Он поднялся и пошел на кухню. Нашел кофе, засыпал в кофеварку, включил. Под всхлипы закипающей воды достал чашки, сахар и задумался. Ему пришло в голову, что не все позволяют себя любить. Старый Левицкий не позволял себя любить, был чужд сантиментов и в своем эгоизме вряд ли любил сам. Элла Николаевна намекнула, что он был известный донжуан. С другой стороны, кто сказал, что недолгое яркое и красивое чувство менее ценно, чем любовь до гроба? Да и существует ли? Он подумал, что его характер похож на характер старика, потому они и сошлись. Кому много дано, с того много спрашивается, говорит народная мудрость. Он сам был женат три раза, влюблялся безоглядно и перегорал через год-другой. Он вспомнил, что Левицкий был женат тоже три раза, кроме того, подруг было немерено. Театр, женщины, творчество… горел как факел. Яркая и красивая жизнь.
Он разлил кофе в кружки, добавил сахара и понес в гостиную. Лариса стояла у окна, в ее фигуре, в опущенных плечах были тоска и безнадежность. А еще – ожидание, так ему показалось. Ожидание смысла, светлого луча, указующего перста. События последних месяцев стали перекрестком и точкой отсчета…

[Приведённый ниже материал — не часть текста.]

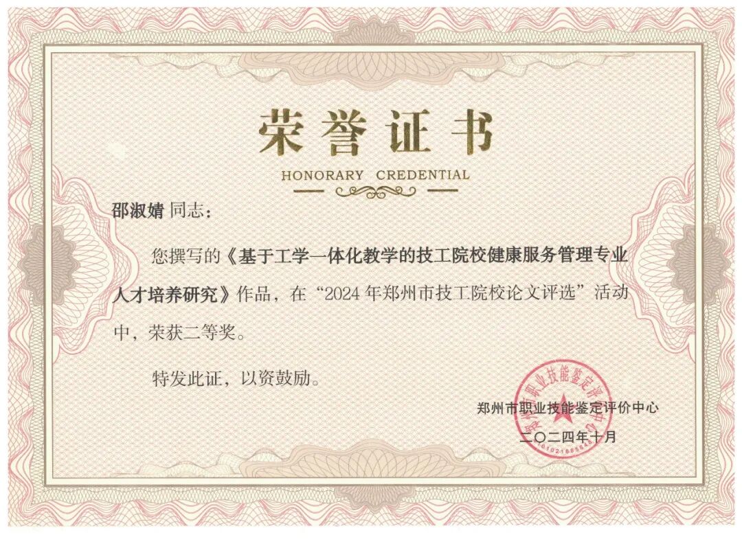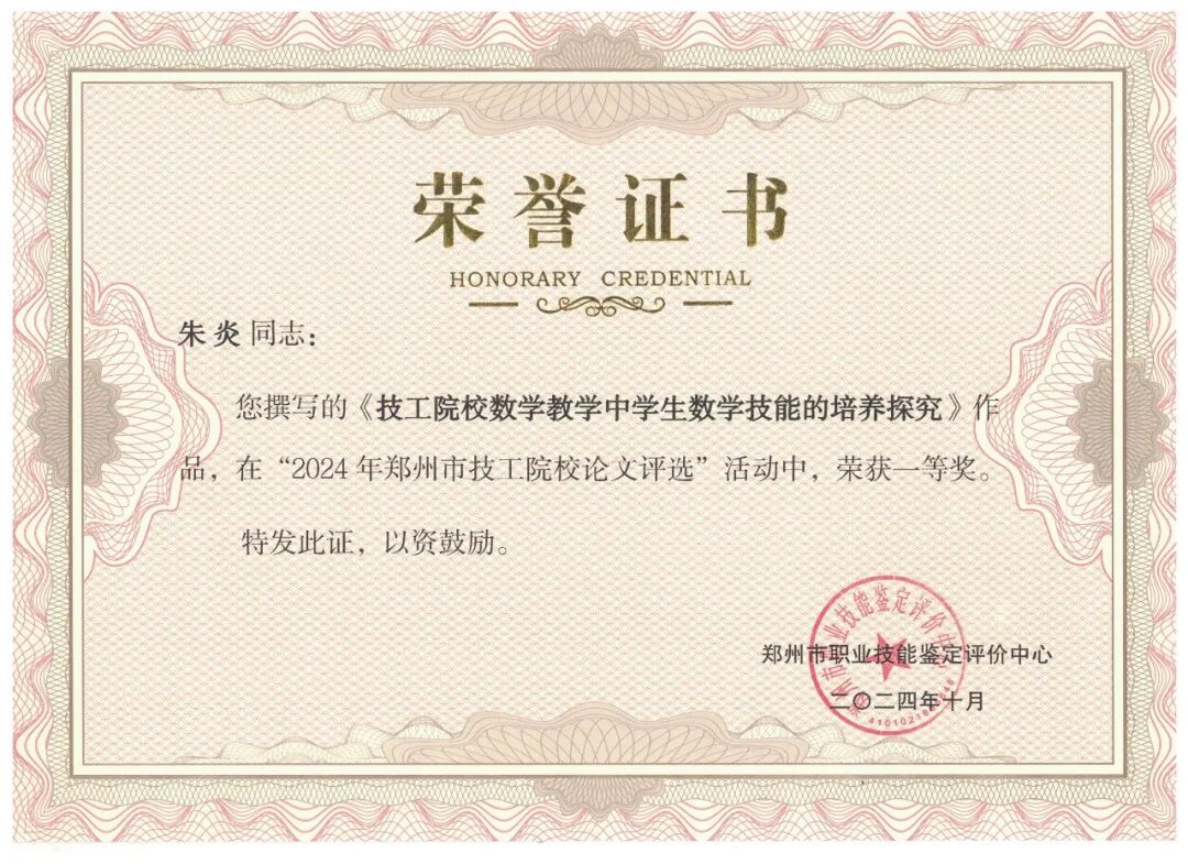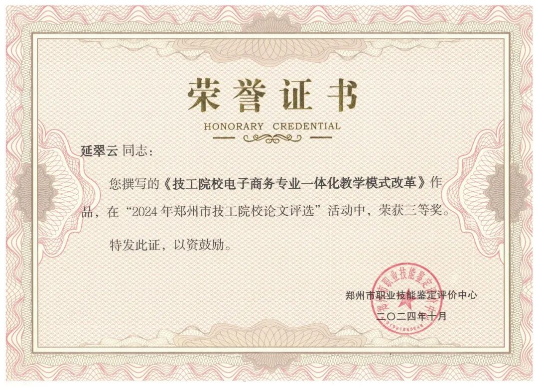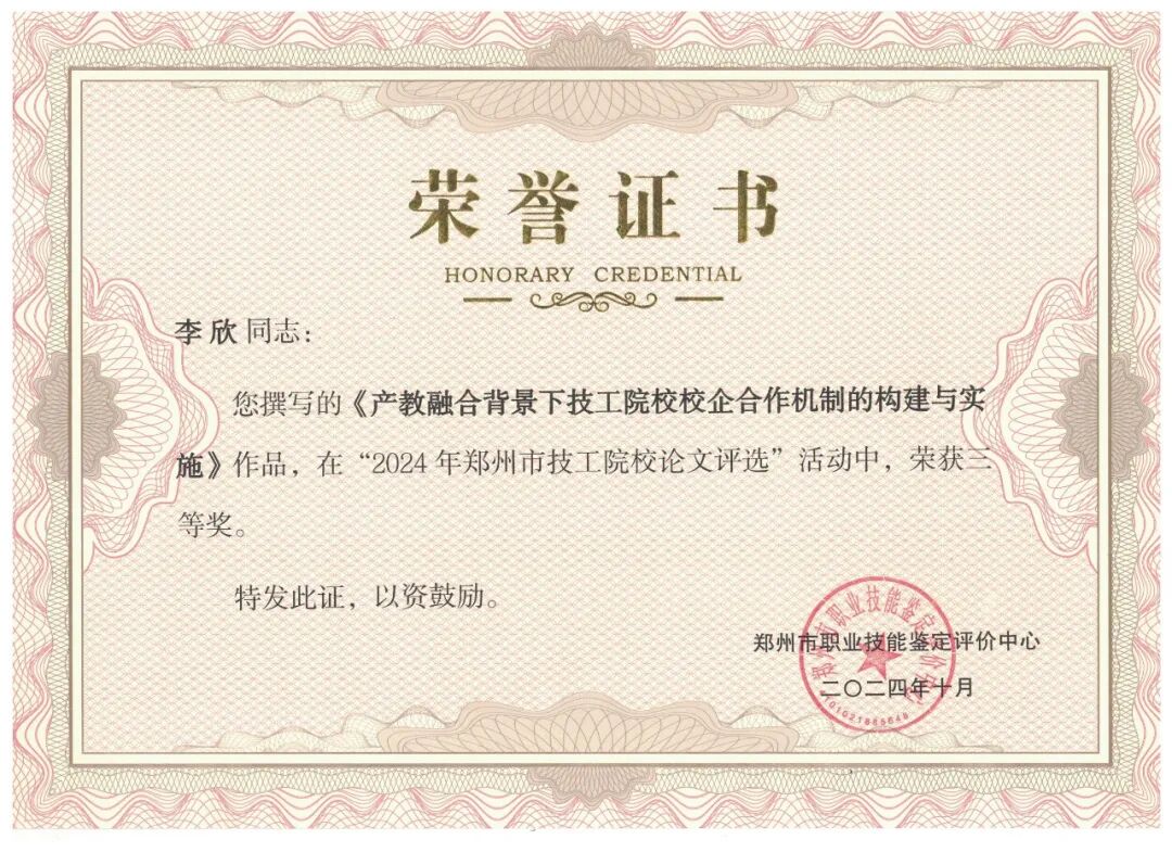 近日,郑州市职业技能鉴定评价中心公布了郑州市技工院校优秀论文评选和郑州市技工院校微课评选获奖名单,学院8名参赛教师获奖,其中优秀论文评选中,朱炎、侯林峰两位老师荣获一等奖;朱文来、邵淑婧两位老师荣获二等奖;李欣、延翠云、祁静三位老师荣获三等奖。微课评选中,明月老师荣获三等奖。优异的成绩充分展示了我院教师过硬的教学能力、较强的专业水平和良好的综合素质。也是学院深入推进职教改革,重视教学教研,努力提升教师素质的结果。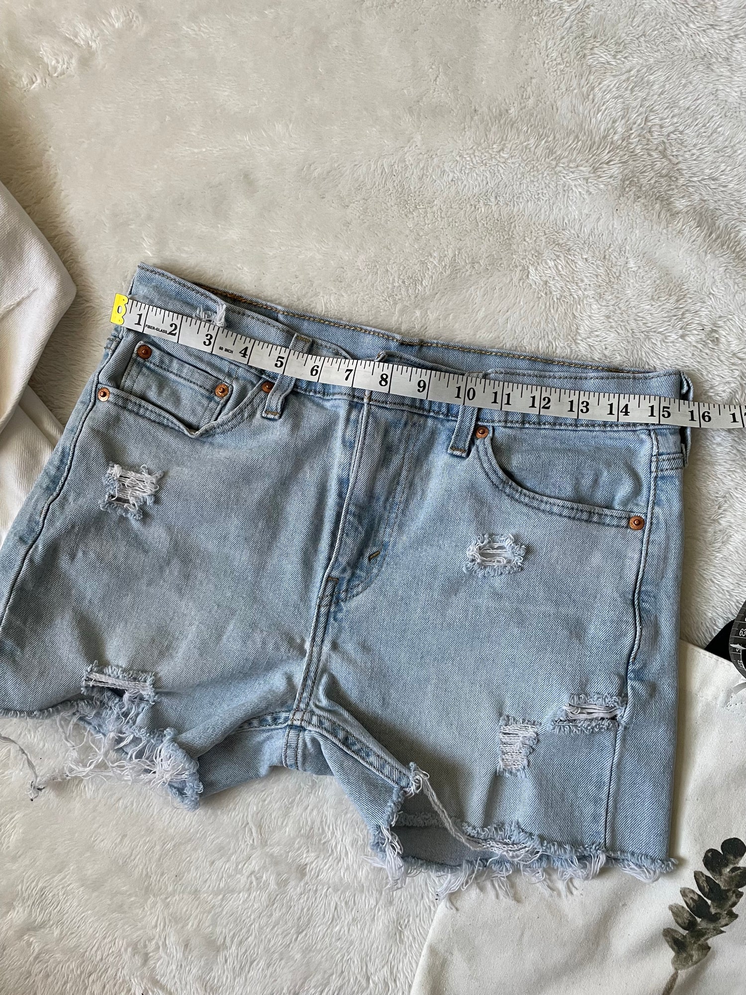 Waist-15.5". Rise-10'. Inseam-3". Length- 12".

За окном был вечер, город до самого горизонта – черной полоски реки – светился огнями. Монах, подойдя сзади, обнял ее и почувствовал, как она замерла, даже дышать перестала. Ее волосы слабо пахли каким-то цветком, он даже представил себе этот цветок – мелкая белая кашка, а вокруг бабочки и стрекозы, и солнечный день. Он развернул ее к себе. Его поразила готовность, с какой она ответила на его поцелуй. Неумело, жадно, обняв его за шею, крепко прижавшись. Старый циник, он подумал, что она застоялась, как породистая лошадка, и что даже сухим и жестким карьеристкам нужны нежность и близость. Так задумано, и природу не обманешь, мужчина и женщина – две половины райского яблока, которые стремятся друг к дружке. Иногда лепятся половины чуждых яблок, тогда больно, но если уж совпадет, если повезет, то… то… это как аманита – музыка сфер и полет среди звезд.
Они целовались на фоне освещенного окна, как на сцене, и люди внизу, кому пришла бы в голову фантазия взглянуть вверх, могли любоваться ими и завидовать.
Она оторвалась от него, не смея поднять глаз, и Монах сказал:
– Я принес кофе. С сахаром, ты как?
Она кивнула.
– Знаешь, он как будто чувствовал, что уходит, – сказала Лариса ночью, привстав на локте, заглядывая ему в глаза. Горел ночник, в его свете глаза ее казались черными. – Он собрал нас всех, чтобы попрощаться. А я не хотела идти, я не хотела видеть ни Леонида, ни Ирину. Даже Лику. Да и его тоже. А теперь думаю, хорошо, что я была там…
– Ты их в чем-то подозреваешь?
– А кто убил Алису? Я подозреваю их, они меня. Мы все теперь как зачумленные, я все время ожидаю, что меня вот-вот арестуют… или что еще кого-нибудь… – Она замолчала, не желая и страшась закончить фразу; потом сказала: – Я просто не хочу их видеть. Отец был связующим звеном, я думала слабым, а оказалось, сильным, потому что сейчас мы распались навсегда. Я презираю Леонида, меня раздражает Лика… Знаешь, мне только после его смерти пришло в голову, а каково было ему? Сначала Нора, потом Алиса… что он думал об этом? Кого обвинял? Кого подозревал? Я никогда не прощу себе, что не поговорила с ним. У меня столько вопросов, и ответить уже некому. Ему было тяжелее всех, каждый из нас как отдельный остров, а он был как материк… Я все время ожидаю чего-то, ночью просыпаюсь от страха, лежу, прислушиваюсь…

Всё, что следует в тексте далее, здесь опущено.